PROBLEM REQUIREMENTS: Please repeat the records word for word and skip the pictures.

LISTED ENTRIES:
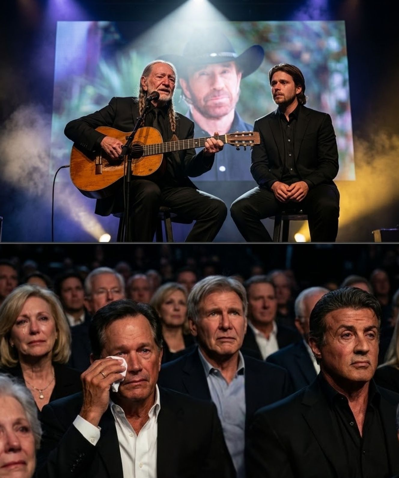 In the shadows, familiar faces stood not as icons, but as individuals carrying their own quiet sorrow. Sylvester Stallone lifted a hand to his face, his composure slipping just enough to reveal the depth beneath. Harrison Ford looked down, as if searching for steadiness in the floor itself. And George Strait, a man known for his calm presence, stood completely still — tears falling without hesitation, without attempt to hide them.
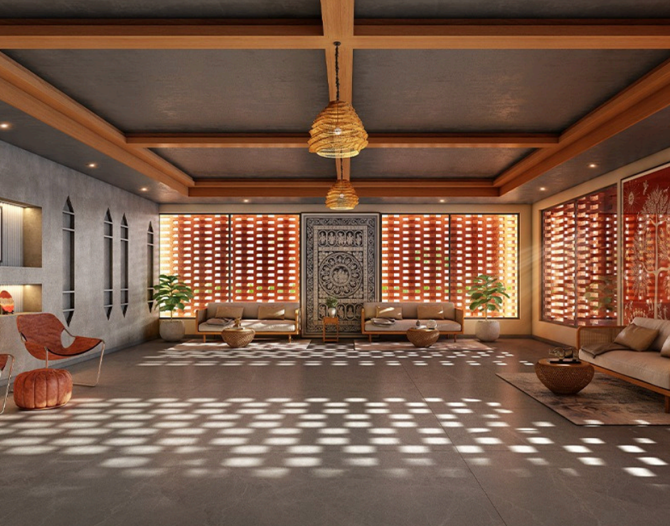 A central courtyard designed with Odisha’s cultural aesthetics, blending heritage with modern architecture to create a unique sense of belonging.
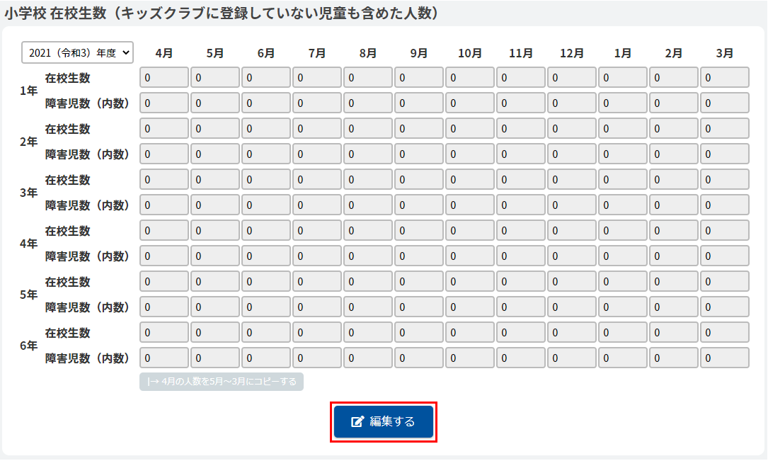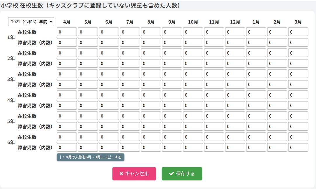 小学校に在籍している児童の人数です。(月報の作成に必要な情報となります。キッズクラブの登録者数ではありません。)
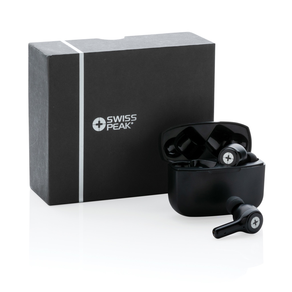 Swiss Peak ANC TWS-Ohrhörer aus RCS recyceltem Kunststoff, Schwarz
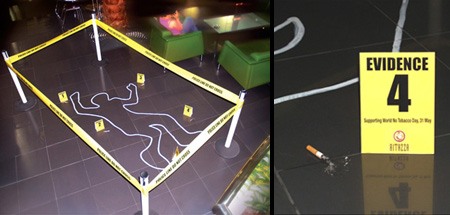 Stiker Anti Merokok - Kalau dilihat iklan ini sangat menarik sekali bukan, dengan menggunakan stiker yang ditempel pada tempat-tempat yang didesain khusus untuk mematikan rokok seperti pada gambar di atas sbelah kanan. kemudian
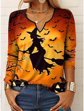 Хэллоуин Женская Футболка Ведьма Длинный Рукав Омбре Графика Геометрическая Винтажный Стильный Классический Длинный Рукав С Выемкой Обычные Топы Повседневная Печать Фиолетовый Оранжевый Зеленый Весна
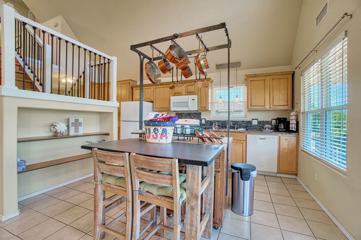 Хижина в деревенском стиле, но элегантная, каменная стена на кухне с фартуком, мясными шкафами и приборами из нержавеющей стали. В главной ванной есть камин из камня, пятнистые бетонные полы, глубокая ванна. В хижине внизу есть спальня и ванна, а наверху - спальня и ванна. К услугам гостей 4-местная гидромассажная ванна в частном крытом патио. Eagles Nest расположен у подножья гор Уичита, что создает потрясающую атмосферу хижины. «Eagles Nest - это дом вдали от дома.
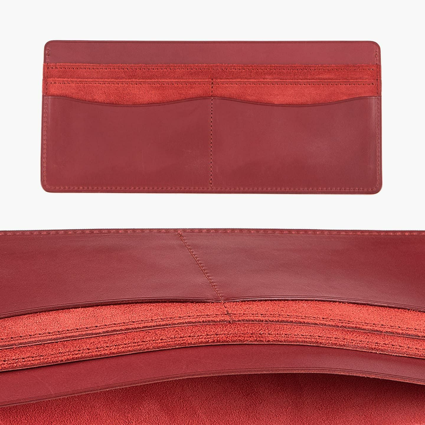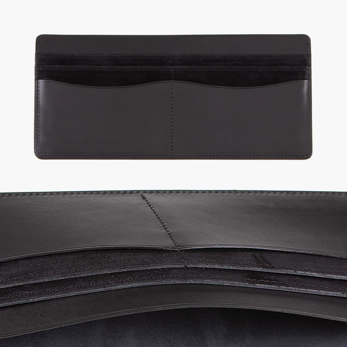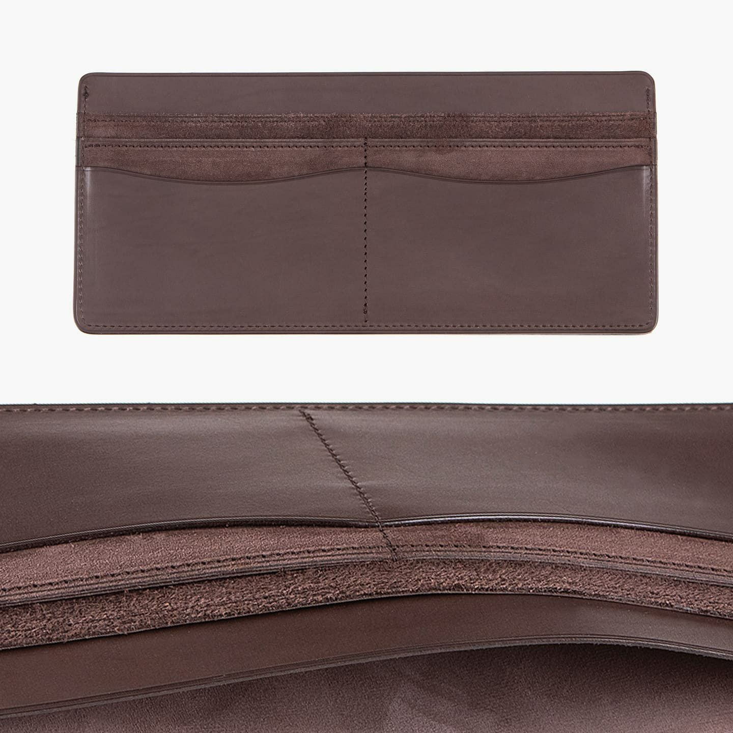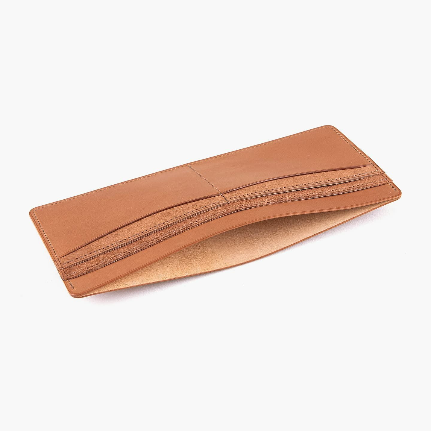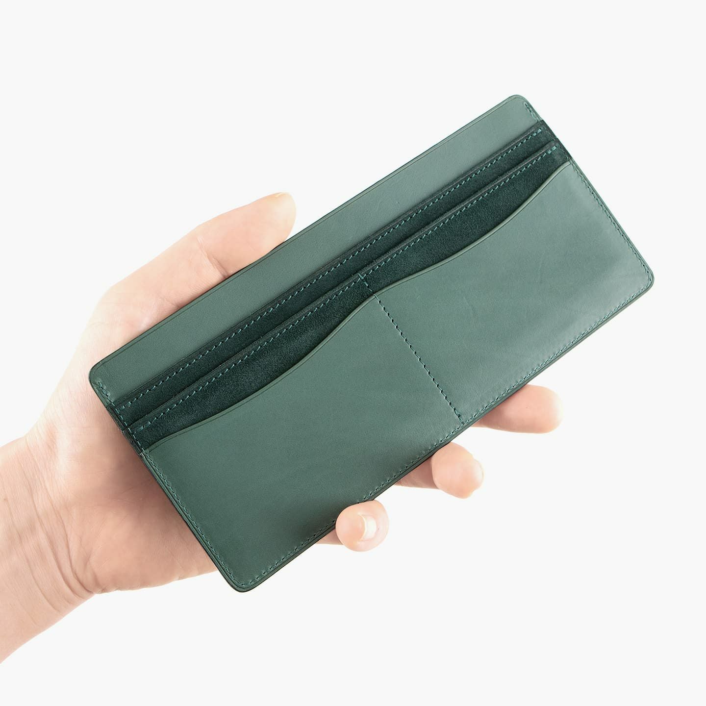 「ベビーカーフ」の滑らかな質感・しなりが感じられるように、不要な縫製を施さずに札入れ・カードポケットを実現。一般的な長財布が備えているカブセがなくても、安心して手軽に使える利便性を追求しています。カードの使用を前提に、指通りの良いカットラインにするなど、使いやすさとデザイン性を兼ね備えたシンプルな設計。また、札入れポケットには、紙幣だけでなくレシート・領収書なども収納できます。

WORKED SOLUTION:
 In the shadows, familiar faces stood not as icons, but as individuals carrying their own quiet sorrow. Sylvester Stallone lifted a hand to his face, his composure slipping just enough to reveal the depth beneath. Harrison Ford looked down, as if searching for steadiness in the floor itself. And George Strait, a man known for his calm presence, stood completely still — tears falling without hesitation, without attempt to hide them.
 A central courtyard designed with Odisha’s cultural aesthetics, blending heritage with modern architecture to create a unique sense of belonging.
 小学校に在籍している児童の人数です。(月報の作成に必要な情報となります。キッズクラブの登録者数ではありません。)
 Swiss Peak ANC TWS-Ohrhörer aus RCS recyceltem Kunststoff, Schwarz
 Stiker Anti Merokok - Kalau dilihat iklan ini sangat menarik sekali bukan, dengan menggunakan stiker yang ditempel pada tempat-tempat yang didesain khusus untuk mematikan rokok seperti pada gambar di atas sbelah kanan. kemudian
 Хэллоуин Женская Футболка Ведьма Длинный Рукав Омбре Графика Геометрическая Винтажный Стильный Классический Длинный Рукав С Выемкой Обычные Топы Повседневная Печать Фиолетовый Оранжевый Зеленый Весна
 Хижина в деревенском стиле, но элегантная, каменная стена на кухне с фартуком, мясными шкафами и приборами из нержавеющей стали. В главной ванной есть камин из камня, пятнистые бетонные полы, глубокая ванна. В хижине внизу есть спальня и ванна, а наверху - спальня и ванна. К услугам гостей 4-местная гидромассажная ванна в частном крытом патио. Eagles Nest расположен у подножья гор Уичита, что создает потрясающую атмосферу хижины. «Eagles Nest - это дом вдали от дома.
 「ベビーカーフ」の滑らかな質感・しなりが感じられるように、不要な縫製を施さずに札入れ・カードポケットを実現。一般的な長財布が備えているカブセがなくても、安心して手軽に使える利便性を追求しています。カードの使用を前提に、指通りの良いカットラインにするなど、使いやすさとデザイン性を兼ね備えたシンプルな設計。また、札入れポケットには、紙幣だけでなくレシート・領収書なども収納できます。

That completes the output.